Lab 7: some problems with the case of inserting into an empty list
A simple manual test (can be automated, but note that it can be hard to tell if the problem is with add() or equals())

Trees in BlueJ

Height of a random tree of N nodes: Let a = 4.311....
Then the height of a random binary search tree with N nodes is a*ln(N). A "full" tree has height log2(N), and ln(N) = log2(N)*ln(2), so the height of a random tree is a*ln(2) = 2.988... times the height of a perfectly balanced tree.

The factor of three here we can definitely live with. What we cannot live with is the worst-case height of a binary search tree, which is N.

Heaps

Adding new elements to a complete heap while retaining completeness.

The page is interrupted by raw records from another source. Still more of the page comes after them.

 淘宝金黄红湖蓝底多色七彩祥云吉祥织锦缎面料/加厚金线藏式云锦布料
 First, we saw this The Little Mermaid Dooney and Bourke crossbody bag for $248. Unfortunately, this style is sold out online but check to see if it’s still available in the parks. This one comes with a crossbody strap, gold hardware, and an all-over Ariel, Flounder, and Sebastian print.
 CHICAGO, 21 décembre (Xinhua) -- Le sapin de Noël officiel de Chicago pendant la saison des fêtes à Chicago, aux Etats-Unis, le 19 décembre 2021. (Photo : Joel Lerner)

Recall that Heapsort makes use of the following three observations:
  1. We can make an array of data into a complete heap in time n log n
  2. We can remove the root element (replacing it by promoting the smaller of its two children, and continuing this process down the branch) in time log n
  3. In light of 2, we can remove all n elements in sorted order in time n log n
Last week I omitted the complete from the first claim.

The idea of the algorithm for #1 is to store the heap in "array format", that is, with the left and right children of node n at positions 2n+1 and 2n+2 respectively. The algorithm then is to add the new element to the end of the array, and look at the path from the root to that element. The new element might be smaller than its parent; if it is, we simply swap the two (in the array). This makes the previous parent even smaller, so nothing needs to be done with the other child. However, we keep swapping on the path up until heap-ness is restored.

Associative Lookup

A classic compilers problem is writing a symbol table that allows lookup of each identifier, with its attributes (type, size, allocated location, etc). More generally, the problem is associative lookup: given some Key value, find the corresponding Data.

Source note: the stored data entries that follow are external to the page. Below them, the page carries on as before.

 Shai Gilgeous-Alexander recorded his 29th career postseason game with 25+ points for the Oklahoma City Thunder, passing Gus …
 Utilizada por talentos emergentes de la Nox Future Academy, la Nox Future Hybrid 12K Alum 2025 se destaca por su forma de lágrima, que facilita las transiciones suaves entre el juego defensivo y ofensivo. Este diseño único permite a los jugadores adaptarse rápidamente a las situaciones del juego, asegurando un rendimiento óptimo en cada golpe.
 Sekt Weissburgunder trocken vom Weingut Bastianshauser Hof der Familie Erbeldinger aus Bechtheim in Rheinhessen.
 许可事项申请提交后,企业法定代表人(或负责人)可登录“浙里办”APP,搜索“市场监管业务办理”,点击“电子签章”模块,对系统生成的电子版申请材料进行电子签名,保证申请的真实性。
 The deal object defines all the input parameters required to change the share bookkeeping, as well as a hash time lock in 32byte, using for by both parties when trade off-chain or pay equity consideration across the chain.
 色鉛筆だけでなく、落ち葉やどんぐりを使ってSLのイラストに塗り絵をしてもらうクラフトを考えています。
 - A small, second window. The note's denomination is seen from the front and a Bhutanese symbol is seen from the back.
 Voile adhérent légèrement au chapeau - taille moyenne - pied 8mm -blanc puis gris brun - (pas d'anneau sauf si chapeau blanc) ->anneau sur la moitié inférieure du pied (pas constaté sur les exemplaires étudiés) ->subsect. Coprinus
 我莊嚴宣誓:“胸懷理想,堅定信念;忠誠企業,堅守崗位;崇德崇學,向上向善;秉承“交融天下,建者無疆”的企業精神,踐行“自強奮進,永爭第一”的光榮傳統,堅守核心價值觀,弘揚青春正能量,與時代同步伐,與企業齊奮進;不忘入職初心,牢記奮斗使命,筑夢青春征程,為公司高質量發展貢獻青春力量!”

Demos: in demo/bintree2, the full word-count program.

problems: too much exposure of DataTreeNode, which really should be private to DataTree?
    How would we make it private?

Look at the Map interface, and hashmap.

Do the word-count program with hashmap (demo/wordcount/HMWordCount). Compare them.

Can we optimize the lookup/insert sequence in some more natural way?

Lab 9: try to do this!

Thursday

Word class

Discuss the following:

static v nonstatic

There's a problem here: some methods that should be static, logically, cannot be, because they refer to the parameter types. A good example would be the wordcount DataTreeNode.recSize:
    private int recsize(DataTreeNode<K,D> p) {
        if (p==null) return 0;
        return recsize(p.left()) + 1 + recsize(p.right());
    }
This method has no ties to any class fields, and so should normally be declared static. But we can't do that, because it has type parameters.

Ordered trees

Are we making any advantage of the fact that the key type K in our TMap is ordered, and that the tree is too?
Look at java.util.SortedMap. How it differs from java.util.Map:

MapDemo and order

Demo: the mapdemo example. What is going on with the HashMap order?

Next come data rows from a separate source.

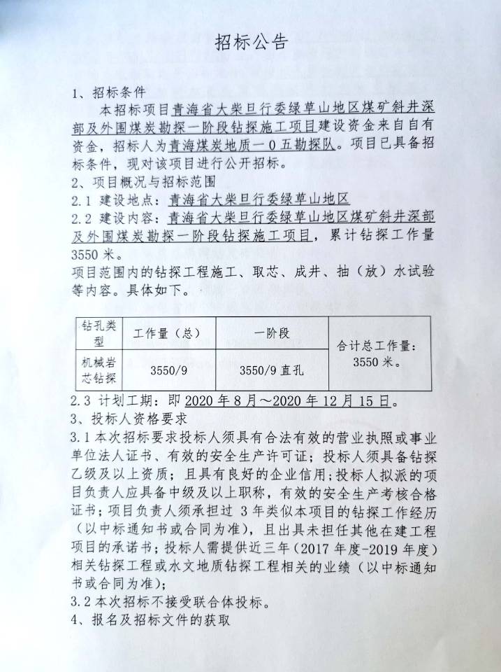 《青海省大柴旦行委绿草山地区煤矿斜井深部及外围煤炭勘探一阶段钻探施工项目》招标公告
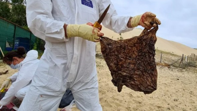 كشف تشريح جثة حوت منقاري جرفته الأمواج على ساحل لاندز (جنوب غرب فرنسا) السبت عن احتواء بطنه على 16 كيلوغراماً…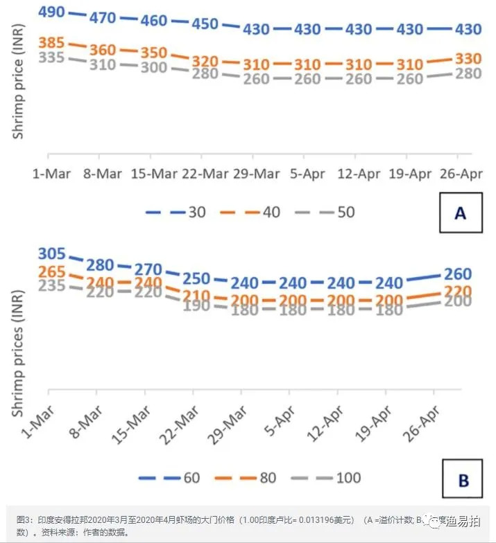 然而,2020年5月上旬,除30-40只这样的虾的价格下降了,其他规格的虾价格均有所上升。这可能是由于随着此前农民的恐慌性收割和库存的消耗,但大尺寸产品由于通常在饭店中广泛使用,而COVID-19大流行使得全世界有70%或以上的饭店仍处于关闭状态,所以价格仍处于下降趋势。此外,中等数量的虾可以出口到中国和从印度购买低数量(较小)虾的其他目的地,这些虾也可以被国内市场吸收。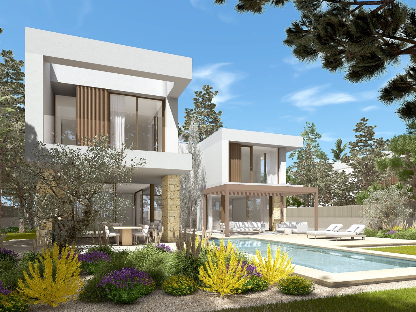 12 luxurious modern Contemporary Style villas set within a mere 100 metres from the coves and beaches of Las Rotas in Denia - the sound of the waves gently lapping the shore can be heard from each of the 12 villas!
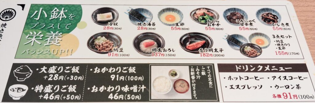 定食には、ご飯・お味噌汁・お漬物がついてます。小鉢がリーズナブルだったので、おくらおかかとこんにゃくの甘辛煮を追加しました!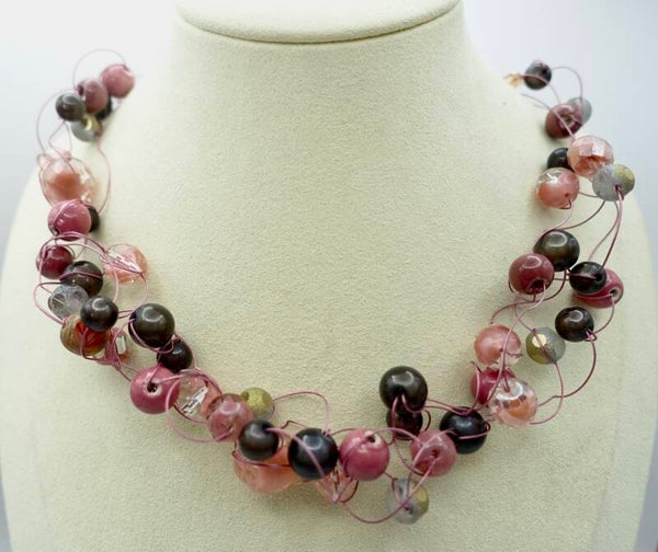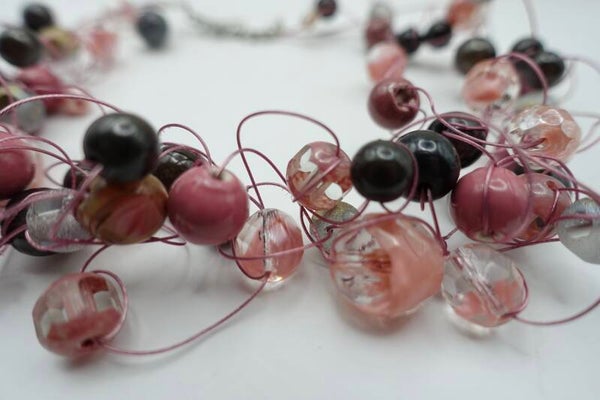 Krulketting in oudroze, antraciet en paars, metallic. Prachtige vensterkralen, 3-D kralen, keramiek, etc. Mooi speels. Leuk bij grijs, ecru, zacht roze tinten, naturel, etc.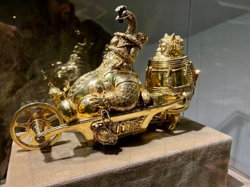 Binnen vergapen we ons aan authentieke ruimtes die zonder uitzondering zijn gevuld met antiek. Wapenkamers, slaapvertrekken, de keuken, de jachtkamers, er is teveel om op te noemen en het is allemaal erg leuk om te zien. Na de rondleiding begeven we ons naar de schatkamer die in de kelders van het kasteel gevuld is met familie-erfstukken. Van antiek wapentuig tot servies en bestek, maar ook heel veel zilver en bladgouden kunststukken, daterend terug tot 1570.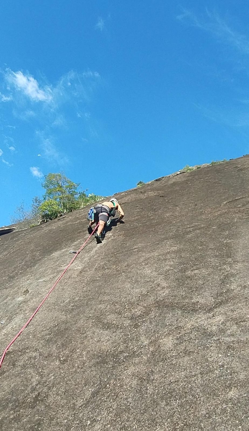 Descrição: Excelente via pra quem quer começar a arriscar a guiada na casa do VI grau. Via com agarras um pouco quebradiças, protegida nos lances de graduação mais alta. Uma aderência de respeito!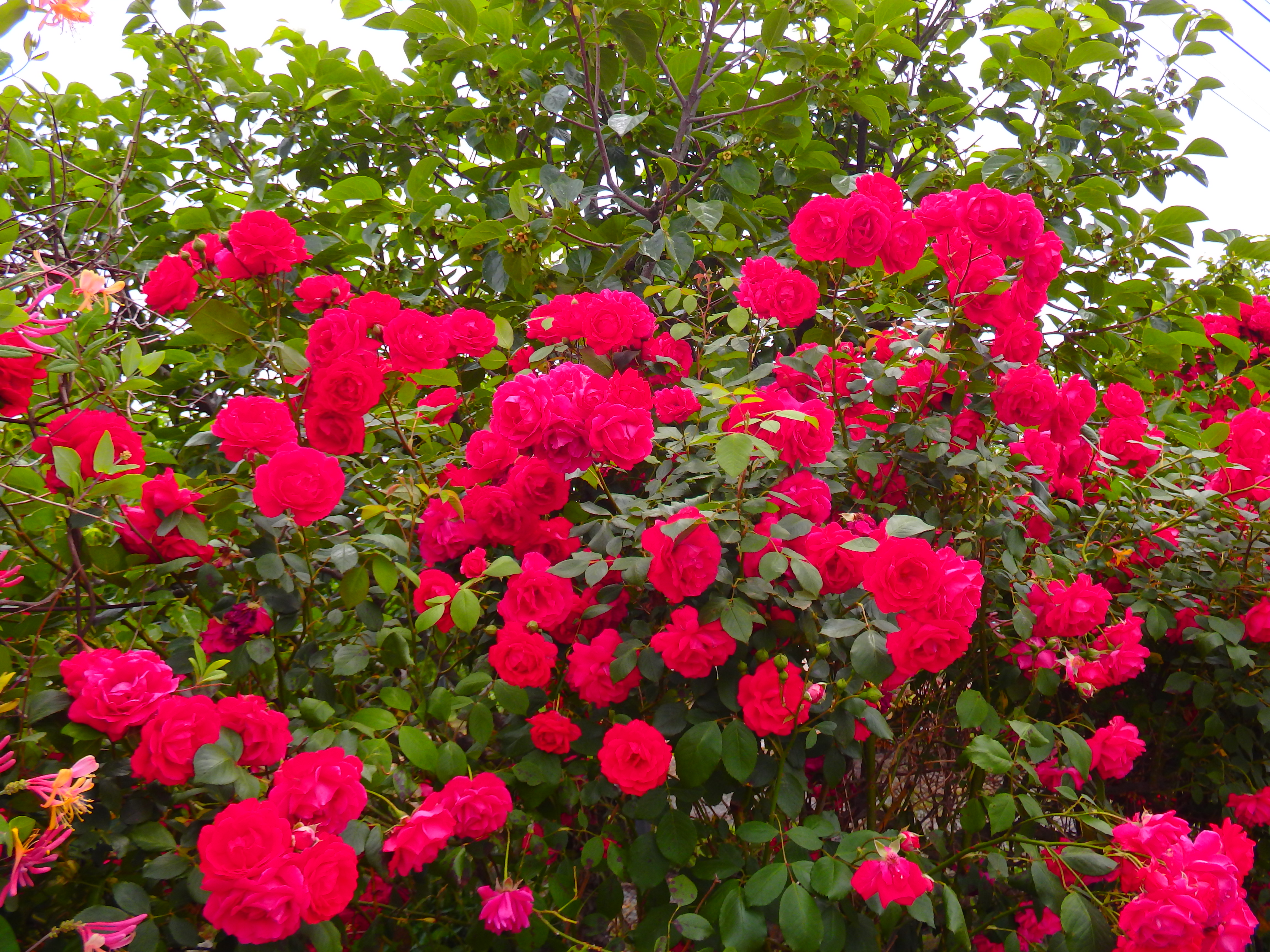 백 미터가량의 과수원 담장에 붉은 장미꽃이 너무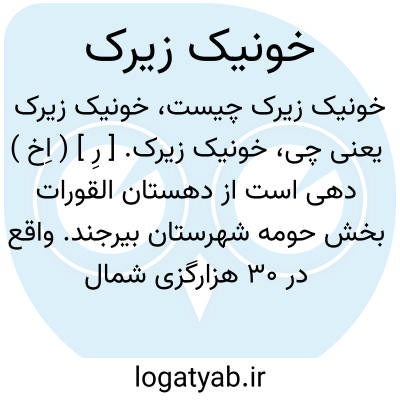 خونیک زیرک. [ رِ ] ( اِخ ) دهی است از دهستان القورات بخش حومه شهرستان بیرجند. واقع در 30 هزارگزی شمال خاوری بیرجند. ( از فرهنگ جغرافیایی ایران ج 9 ).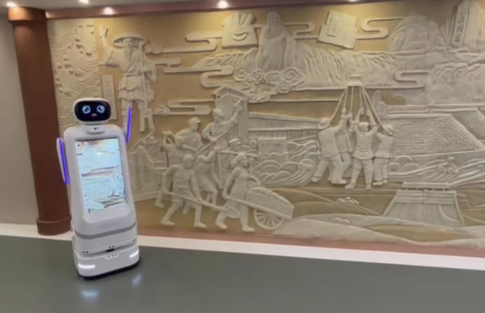 博物館服務機器人亮相博物館,每天為觀眾提供軍事科普講解,信息查詢等服務,能隨機播放館藏戰(zhàn)機重要歷史時刻的音視頻畫面呈現(xiàn)聲音畫面于一體全景式講解

Note that I cannot find any formal documentation guaranteeing that the sets returned by keySet() and values() are sorted! One can do the following:

    class SortedSet extends Set ....

    interface Map {
          Set keySet();
          ...
    }

    interface SortedMap extends Map {
          SortedSet keySet();
          ...
    }

This should work; see my mapdemo() class. Dunno why Sun didn't take this route....

Demo: using inspect to figure out the structure of a HashMap

Comparators

java.util.Collections:
public static <T> void sort(List<T> list, Comparator<? super T> c)